_DATA LISTING_
■ ■ ■

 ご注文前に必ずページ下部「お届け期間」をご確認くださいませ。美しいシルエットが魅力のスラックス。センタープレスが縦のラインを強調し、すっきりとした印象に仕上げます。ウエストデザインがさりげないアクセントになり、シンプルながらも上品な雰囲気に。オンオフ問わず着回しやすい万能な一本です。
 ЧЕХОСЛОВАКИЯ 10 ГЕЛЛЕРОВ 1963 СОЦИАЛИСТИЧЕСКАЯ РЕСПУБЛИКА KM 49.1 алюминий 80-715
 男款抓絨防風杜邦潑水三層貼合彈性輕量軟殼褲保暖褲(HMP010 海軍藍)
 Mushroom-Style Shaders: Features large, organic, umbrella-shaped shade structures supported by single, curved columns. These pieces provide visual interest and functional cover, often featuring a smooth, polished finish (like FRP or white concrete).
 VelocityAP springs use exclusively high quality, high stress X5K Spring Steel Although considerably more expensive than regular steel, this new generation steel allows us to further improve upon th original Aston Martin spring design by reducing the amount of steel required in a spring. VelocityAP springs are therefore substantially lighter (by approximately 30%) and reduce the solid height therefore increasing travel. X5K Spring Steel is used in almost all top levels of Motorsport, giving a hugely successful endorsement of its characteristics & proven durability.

■ ■ ■

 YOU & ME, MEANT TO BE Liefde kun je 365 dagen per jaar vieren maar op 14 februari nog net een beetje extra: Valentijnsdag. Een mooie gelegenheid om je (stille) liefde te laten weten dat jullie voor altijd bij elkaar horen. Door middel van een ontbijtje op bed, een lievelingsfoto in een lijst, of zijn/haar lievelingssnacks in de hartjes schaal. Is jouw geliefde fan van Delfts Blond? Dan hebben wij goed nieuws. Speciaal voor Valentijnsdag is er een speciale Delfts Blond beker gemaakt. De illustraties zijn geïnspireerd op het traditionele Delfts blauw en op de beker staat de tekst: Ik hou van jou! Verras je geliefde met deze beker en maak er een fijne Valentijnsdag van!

■ ■ ■

_ABOUT THIS EXERCISE_
All lines above from the line with "ご注文前に必ずページ下部「お" through the line with "男款抓絨防風杜邦潑水三層貼合彈性輕量軟殼褲保暖褲(HMP010 海軍藍)", both included, are to be set down exactly, with nothing else.

_OUTPUT FOR THIS EXERCISE_
 ご注文前に必ずページ下部「お届け期間」をご確認くださいませ。美しいシルエットが魅力のスラックス。センタープレスが縦のラインを強調し、すっきりとした印象に仕上げます。ウエストデザインがさりげないアクセントになり、シンプルながらも上品な雰囲気に。オンオフ問わず着回しやすい万能な一本です。
 ЧЕХОСЛОВАКИЯ 10 ГЕЛЛЕРОВ 1963 СОЦИАЛИСТИЧЕСКАЯ РЕСПУБЛИКА KM 49.1 алюминий 80-715
 男款抓絨防風杜邦潑水三層貼合彈性輕量軟殼褲保暖褲(HMP010 海軍藍)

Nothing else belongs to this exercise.